Source data:
#####
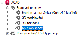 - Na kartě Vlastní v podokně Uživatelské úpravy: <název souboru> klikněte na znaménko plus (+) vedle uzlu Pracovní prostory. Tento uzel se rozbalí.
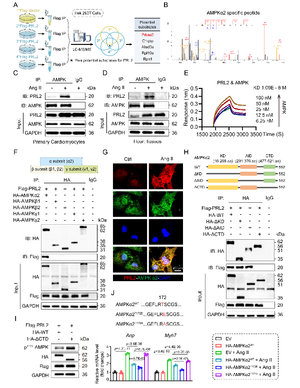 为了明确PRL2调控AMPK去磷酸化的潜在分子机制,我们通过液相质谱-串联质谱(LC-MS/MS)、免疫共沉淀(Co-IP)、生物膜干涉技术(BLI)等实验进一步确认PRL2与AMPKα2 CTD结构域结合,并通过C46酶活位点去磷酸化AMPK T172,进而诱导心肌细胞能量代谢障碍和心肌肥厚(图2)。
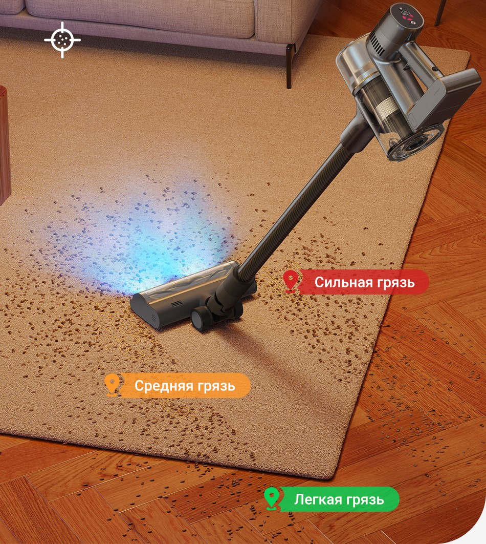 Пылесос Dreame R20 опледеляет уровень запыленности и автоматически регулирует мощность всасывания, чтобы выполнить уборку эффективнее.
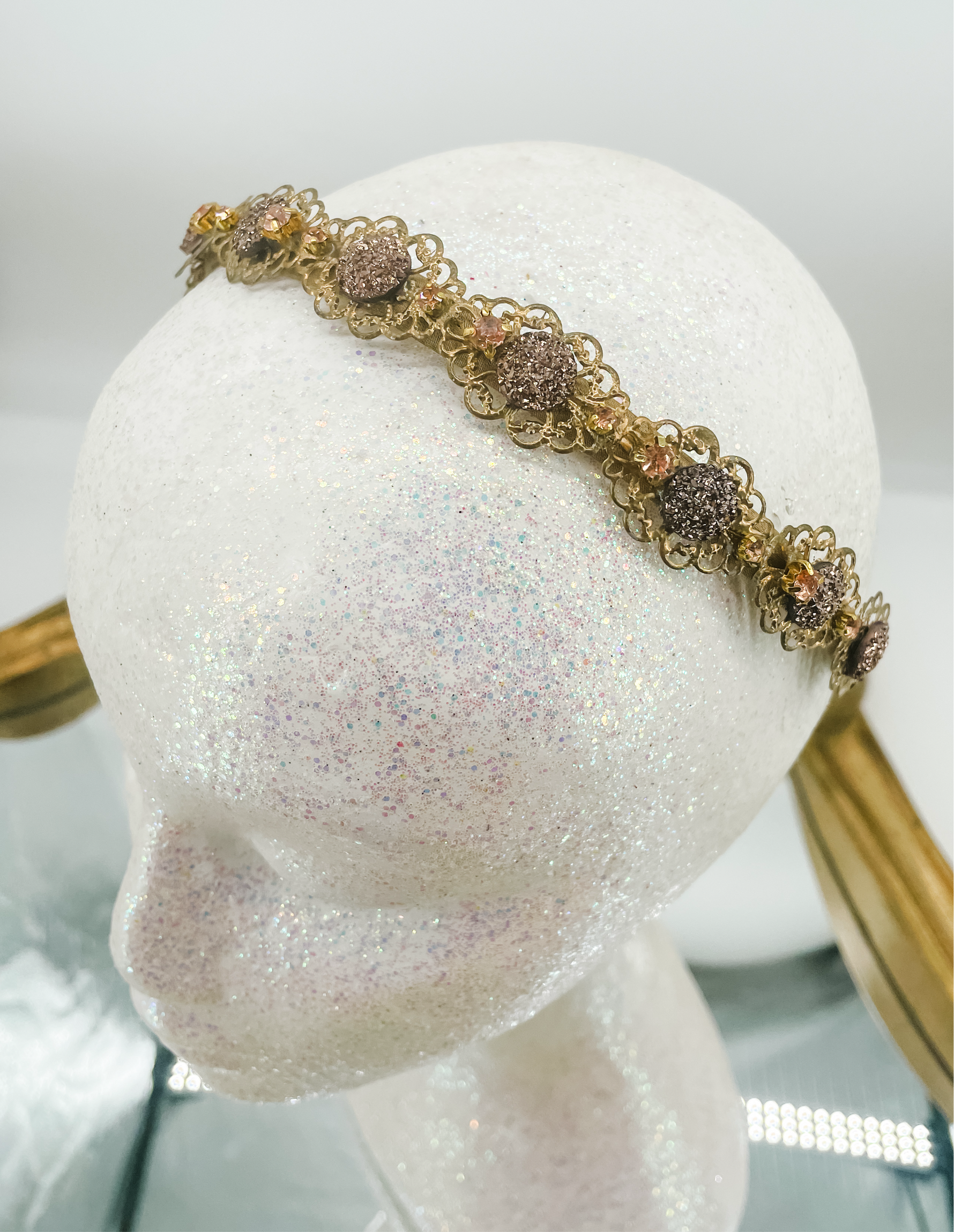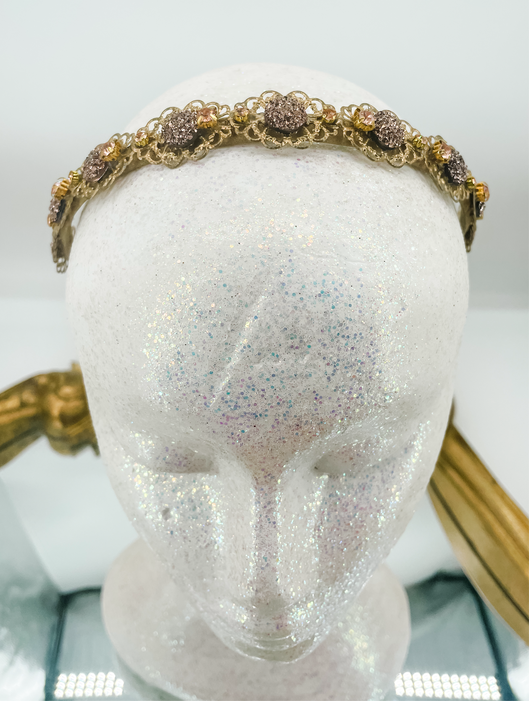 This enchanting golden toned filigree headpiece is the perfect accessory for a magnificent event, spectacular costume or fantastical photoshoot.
#####
Assigned task:
An exact copy of the lines above, from the first through the line that holds "为了明确PRL2调控AMPK", is what is needed; leave the pictures out.

Your solution:
 - Na kartě Vlastní v podokně Uživatelské úpravy: <název souboru> klikněte na znaménko plus (+) vedle uzlu Pracovní prostory. Tento uzel se rozbalí.
 为了明确PRL2调控AMPK去磷酸化的潜在分子机制,我们通过液相质谱-串联质谱(LC-MS/MS)、免疫共沉淀(Co-IP)、生物膜干涉技术(BLI)等实验进一步确认PRL2与AMPKα2 CTD结构域结合,并通过C46酶活位点去磷酸化AMPK T172,进而诱导心肌细胞能量代谢障碍和心肌肥厚(图2)。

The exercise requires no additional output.